WHAT YOU HAVE TO DO: A word-for-word copy of the listing, free of images, is the expected answer.

GIVEN MATERIAL:
++++++++++

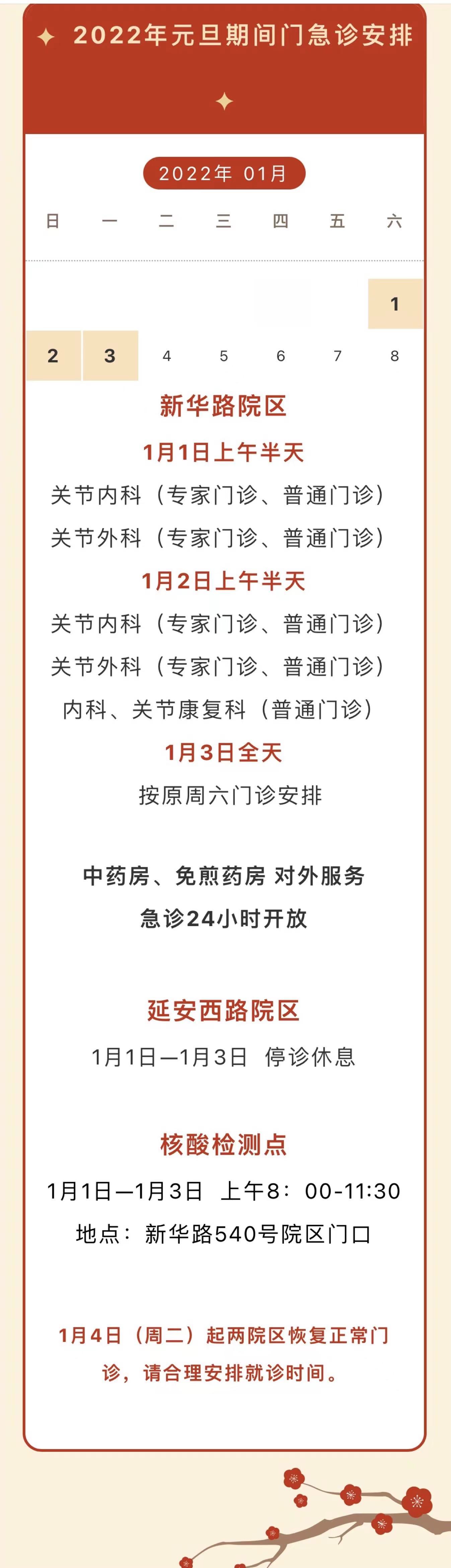 【2022元旦就诊指南】普陀、长宁部分三甲医院的门急诊放假安排,人手一份,有备无患
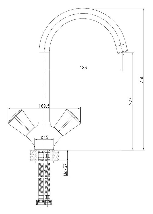 - Излив: поворотный, L 18,3 см. Высота смесителя: 33 см.
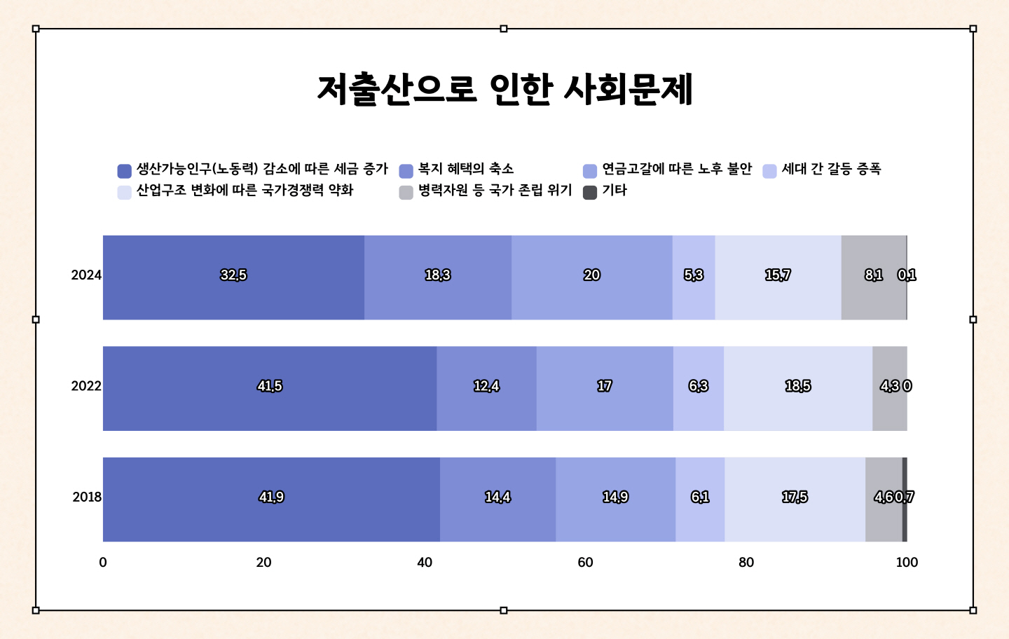 시민들의 저출산에 따른 사회적 우려는 ‘세금 증가’(32.5%)가 가장 높았고, ‘연금 고갈’(20.0%)과 ‘복지 혜택 축소’(18.3%)에 대한 불안도 꾸준히 증가하는 추세다. 특히 연금 고갈 우려는 2018년 14.9%, 2022년 17.0%에서 2024년 20.0%로 상승했으며, 복지 축소에 대한 걱정도 같은 기간 12.4%에서 18.3%로 증가했다. 시는 이러한 결과를 토대로 고령사회에 대비한 복지 및 정책 설계의 필요성을 강조하고 있다.

++++++++++

PROBLEM SOLUTION:
 【2022元旦就诊指南】普陀、长宁部分三甲医院的门急诊放假安排,人手一份,有备无患
 - Излив: поворотный, L 18,3 см. Высота смесителя: 33 см.
 시민들의 저출산에 따른 사회적 우려는 ‘세금 증가’(32.5%)가 가장 높았고, ‘연금 고갈’(20.0%)과 ‘복지 혜택 축소’(18.3%)에 대한 불안도 꾸준히 증가하는 추세다. 특히 연금 고갈 우려는 2018년 14.9%, 2022년 17.0%에서 2024년 20.0%로 상승했으며, 복지 축소에 대한 걱정도 같은 기간 12.4%에서 18.3%로 증가했다. 시는 이러한 결과를 토대로 고령사회에 대비한 복지 및 정책 설계의 필요성을 강조하고 있다.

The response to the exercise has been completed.